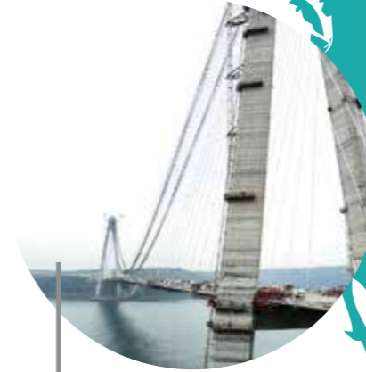
Yavuz Sultan Selim Köprüsü
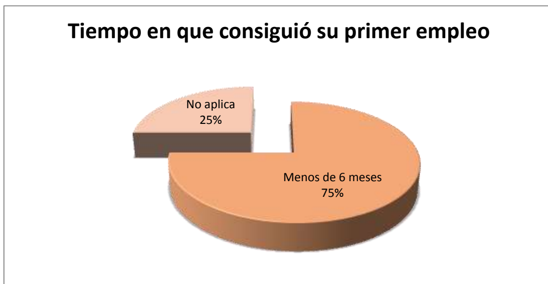
Figura 5.6.2 Tiempo en conseguir el primer empleo

De la proporción de egresados que consiguió empleo, el 75% lo halló en menos de 6 meses y para el 25% no aplica, lo cual se muestra en la figura 5.6.2.
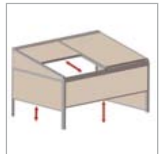
Lagune® + Frontfix + Sidefix = windfeste, verschließbare Vorderseite und Seiten
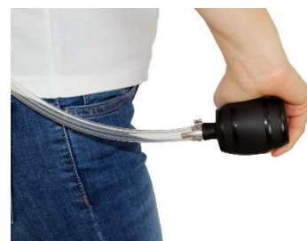
Fonctionnement avec mini-pompe à air comme équipement sous pression
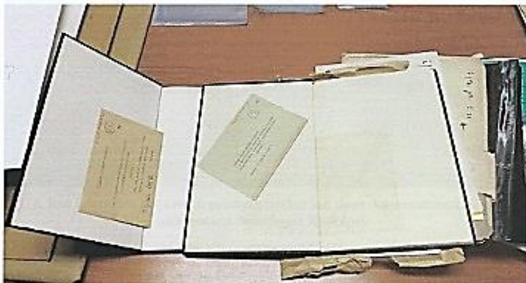
4.fotó A rossz papíralapanyagból készült boríték felgyorsította a könyv előző anyagának az öregedését

Az gyűjtemény feldolgozása elkezdődött és folyamatos.
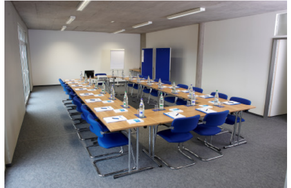
Attraktiver, erweiterbarer Seminarraum

Tübingen war das Raumangebot rasch erschöpft. Die CenTrial GmbH eröffnete weitere kleine Außenstandorte und verstreute sich über Tübingen. Im Laufe der Jahre waren die Büroarbeitsplätze und die Veranstaltungsräume auf vier verschiedene Adressen verteilt. Hinzu kam noch ab 2006 der zweite Standort in Ulm.
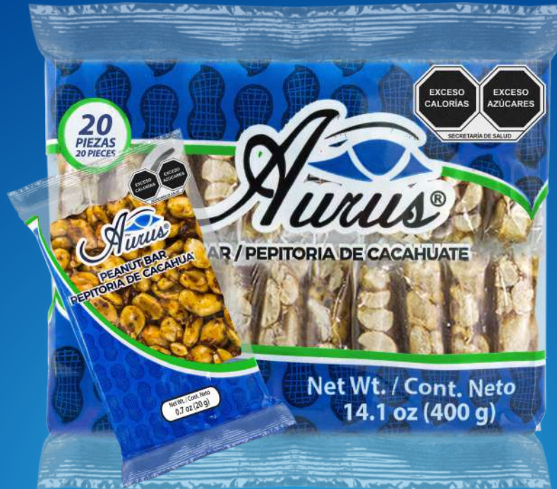
VERDE 20 GR / 30 BLS / 20 PZAS
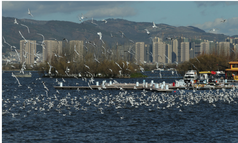
Tata kelola dan perencanaan bersama. Danau Dianchi telah menjadi rumah burung camar, menarik puluhan ribu burung camar datang melewati musim dingin setiap tahun.
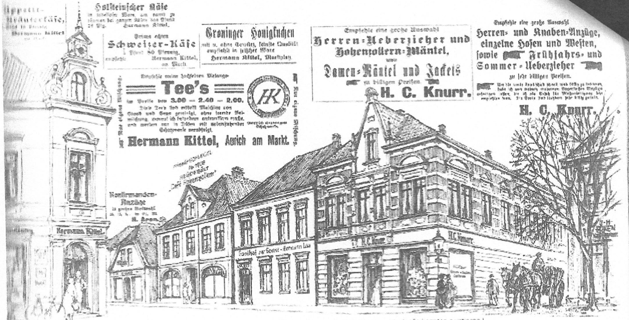
„Plünnenrieter“ - viel Konkurrenz - doch alle konnten existieren!
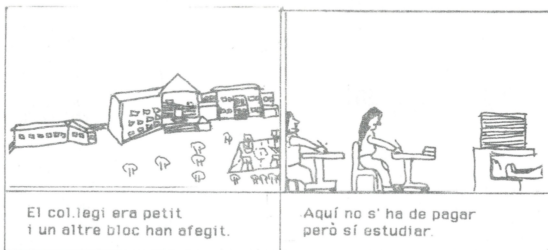
Fragment de l'auca de l'escola on s'explica l'ampliació del centre i que per estudiar no s'ha de pagar en contraposició a un dels altres centres de la vila

A manca d'una recerca exhaustiva sobre el centre, se sap que el 1975 aquest s'estava edificant per acollir l'augment de la població escolar de Roses, al mateix temps que l'Escola Ruiz Amado de Castelló d'Empúries, inaugurada aquesta segona el 1976. Es va construir prop de la carretera de les Arenes, al costat de la zona de creixement de l'eixample dels anys seixanta i setanta entre la Ciutadella i la Gran Via de Pau Casals. Amb la seva construcció Roses passava a tenir un segon centre d'ensenyament públic, a banda de l'Escola Narcís Monturiol (1936). Ben aviat, el 1977 es va ampliar l'escola amb aules per a parvulari i EGB per donar resposta al ràpid creixement demogràfic de la vila. De nou, a mitjan dels anys noranta es va fer una nova ampliació del segon centre d'ensenyament públic de Roses. Amb tot, la història de l'ensenyament a Roses encara està per fer.
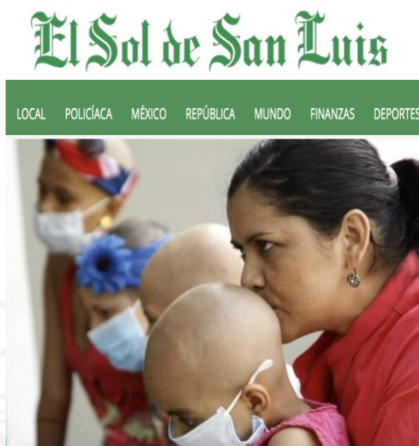
Invitan a docentes a participar en curso de detección oportuna de cáncer infantil

SAN LUIS POTOSÍ (7/feb/2018). Con la finalidad de implementar acciones en las escuelas que permitan la detección temprana y coadyuvar a un oportuno tratamiento para combatir el cáncer infantil, la delegación federal de la Secretaría de Educación Pública en la entidad (SEP) y la Secretaría de Educación de Gobierno del Estado (SEGE) invitan a los profesores potosinos de los niveles de primaria, secundaria y bachillerato a participar en el programa de becas que ofrece la Fundación InterAmericana del Corazón, México, con las que podrán acceder a un curso en línea que proporciona herramientas para la detección temprana de síntomas y signos de sospecha de este mal.
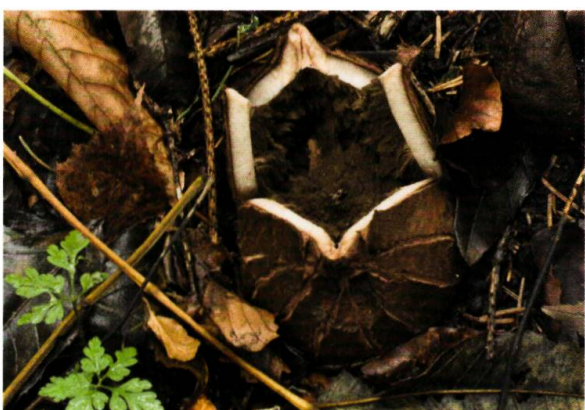
Figure 10. Géastre géant ( Geastrum melanocephalum), une rareté, observé le 2.10.2017.
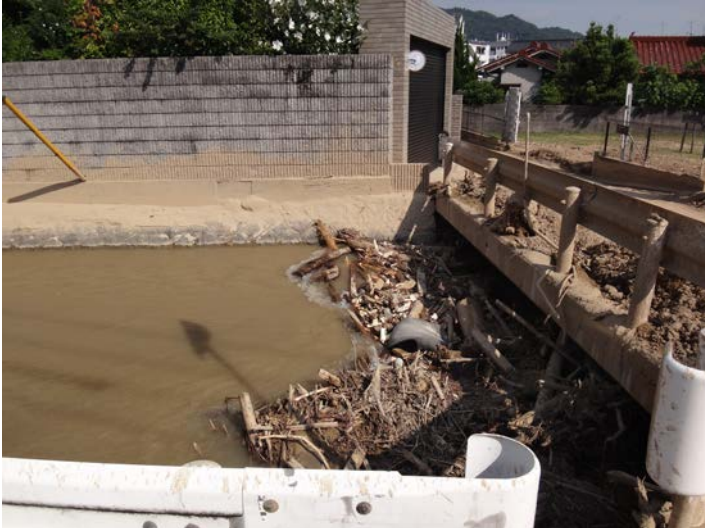
橋梁に堰き止められた瓦礫

§

TASK REQUIREMENTS:
The records above must all be output exactly. Omit the images.

REPLY:
Yavuz Sultan Selim Köprüsü
Figura 5.6.2 Tiempo en conseguir el primer empleo

De la proporción de egresados que consiguió empleo, el 75% lo halló en menos de 6 meses y para el 25% no aplica, lo cual se muestra en la figura 5.6.2.
Lagune® + Frontfix + Sidefix = windfeste, verschließbare Vorderseite und Seiten
Fonctionnement avec mini-pompe à air comme équipement sous pression
4.fotó A rossz papíralapanyagból készült boríték felgyorsította a könyv előző anyagának az öregedését

Az gyűjtemény feldolgozása elkezdődött és folyamatos.
Attraktiver, erweiterbarer Seminarraum

Tübingen war das Raumangebot rasch erschöpft. Die CenTrial GmbH eröffnete weitere kleine Außenstandorte und verstreute sich über Tübingen. Im Laufe der Jahre waren die Büroarbeitsplätze und die Veranstaltungsräume auf vier verschiedene Adressen verteilt. Hinzu kam noch ab 2006 der zweite Standort in Ulm.
VERDE 20 GR / 30 BLS / 20 PZAS
Tata kelola dan perencanaan bersama. Danau Dianchi telah menjadi rumah burung camar, menarik puluhan ribu burung camar datang melewati musim dingin setiap tahun.
„Plünnenrieter“ - viel Konkurrenz - doch alle konnten existieren!
Fragment de l'auca de l'escola on s'explica l'ampliació del centre i que per estudiar no s'ha de pagar en contraposició a un dels altres centres de la vila

A manca d'una recerca exhaustiva sobre el centre, se sap que el 1975 aquest s'estava edificant per acollir l'augment de la població escolar de Roses, al mateix temps que l'Escola Ruiz Amado de Castelló d'Empúries, inaugurada aquesta segona el 1976. Es va construir prop de la carretera de les Arenes, al costat de la zona de creixement de l'eixample dels anys seixanta i setanta entre la Ciutadella i la Gran Via de Pau Casals. Amb la seva construcció Roses passava a tenir un segon centre d'ensenyament públic, a banda de l'Escola Narcís Monturiol (1936). Ben aviat, el 1977 es va ampliar l'escola amb aules per a parvulari i EGB per donar resposta al ràpid creixement demogràfic de la vila. De nou, a mitjan dels anys noranta es va fer una nova ampliació del segon centre d'ensenyament públic de Roses. Amb tot, la història de l'ensenyament a Roses encara està per fer.
Invitan a docentes a participar en curso de detección oportuna de cáncer infantil

SAN LUIS POTOSÍ (7/feb/2018). Con la finalidad de implementar acciones en las escuelas que permitan la detección temprana y coadyuvar a un oportuno tratamiento para combatir el cáncer infantil, la delegación federal de la Secretaría de Educación Pública en la entidad (SEP) y la Secretaría de Educación de Gobierno del Estado (SEGE) invitan a los profesores potosinos de los niveles de primaria, secundaria y bachillerato a participar en el programa de becas que ofrece la Fundación InterAmericana del Corazón, México, con las que podrán acceder a un curso en línea que proporciona herramientas para la detección temprana de síntomas y signos de sospecha de este mal.
Figure 10. Géastre géant ( Geastrum melanocephalum), une rareté, observé le 2.10.2017.
橋梁に堰き止められた瓦礫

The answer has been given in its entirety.